BEGIN Supplied data
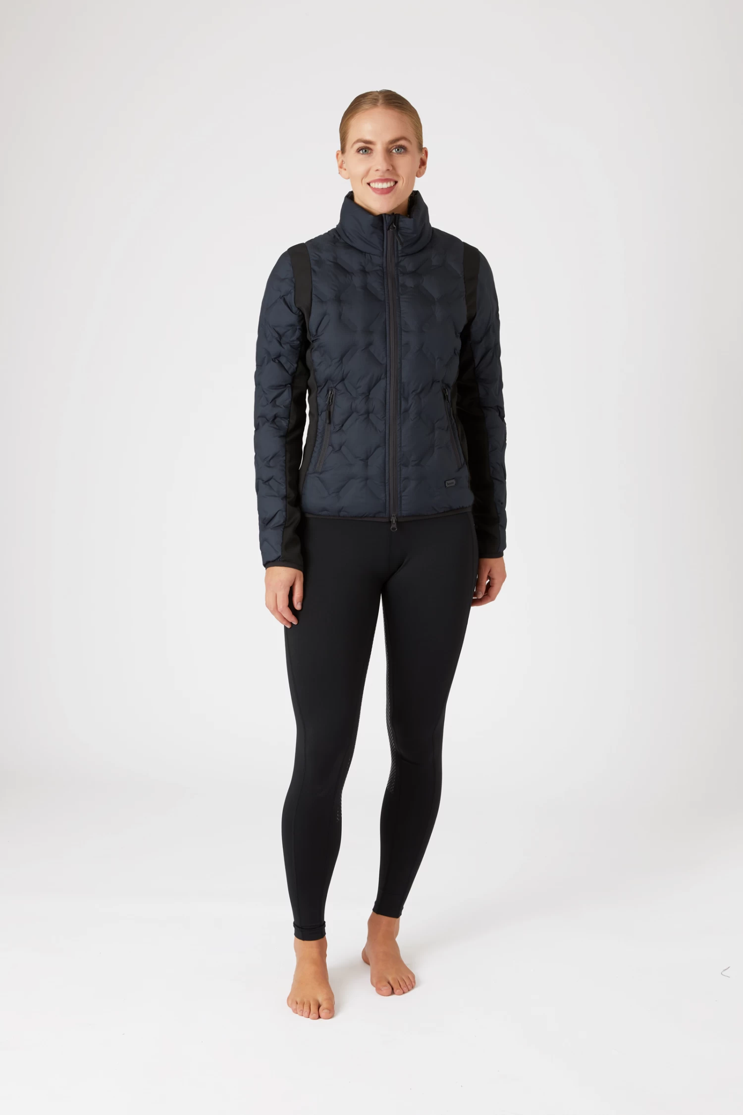 The Horze Shelly light padded jacket provides lightweight quilting combined with stretch side panels to offer ultimate comfort. This jacket is perfect to pair with jeans for casual wear or with your favorite breeches for a nice fall look. The fabric is water repellent and breathable and the length is perfect in the saddle.
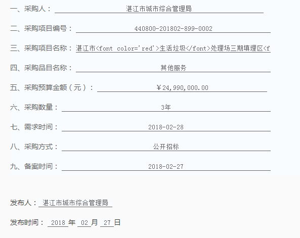 内容摘要:湛江市生活垃圾处理场三期填埋区生活垃圾开挖与转动项目采购计划公告
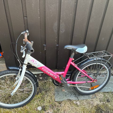 Barnesykkel med 20" hjul. Sykkelen har hvit ramme med rosa detaljer og er utstyrt med gir og håndbremser foran og bak. Knastedekk gir godt grep på variert underlag. Sete og styre er tilpasset barn.
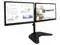 This sleek monitor desktop stand raises two displays off the desk surface, thus saving workspace and creating a productive display configuration to increase productivity. It is designed to mount two 13"-27" monitors in horizontal line and the weight capability for each one is 22 Ibs. It can rotate for 360?, which allows portrait and landscape viewing.
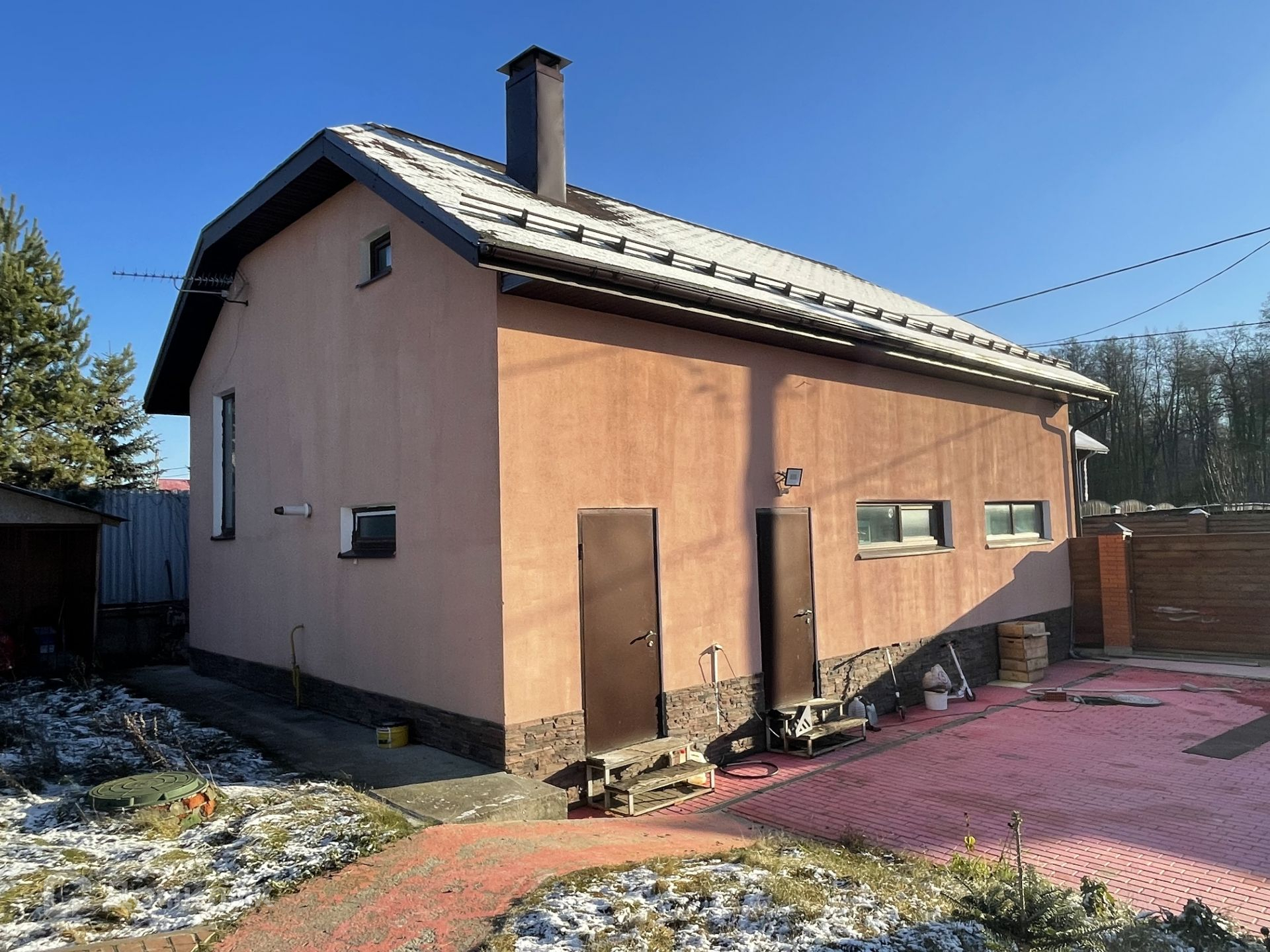 Первый этаж: просторная гостиная с камином, 2 комнаты, кухня - столовая с выходом на террасу, совмещенный санузел, кладовая.
END Supplied data
#### The task
Transcribe the listing above verbatim. Omit the pictures.

#### Expected answer
 The Horze Shelly light padded jacket provides lightweight quilting combined with stretch side panels to offer ultimate comfort. This jacket is perfect to pair with jeans for casual wear or with your favorite breeches for a nice fall look. The fabric is water repellent and breathable and the length is perfect in the saddle.
 内容摘要:湛江市生活垃圾处理场三期填埋区生活垃圾开挖与转动项目采购计划公告
 Barnesykkel med 20" hjul. Sykkelen har hvit ramme med rosa detaljer og er utstyrt med gir og håndbremser foran og bak. Knastedekk gir godt grep på variert underlag. Sete og styre er tilpasset barn.
 This sleek monitor desktop stand raises two displays off the desk surface, thus saving workspace and creating a productive display configuration to increase productivity. It is designed to mount two 13"-27" monitors in horizontal line and the weight capability for each one is 22 Ibs. It can rotate for 360?, which allows portrait and landscape viewing.
 Первый этаж: просторная гостиная с камином, 2 комнаты, кухня - столовая с выходом на террасу, совмещенный санузел, кладовая.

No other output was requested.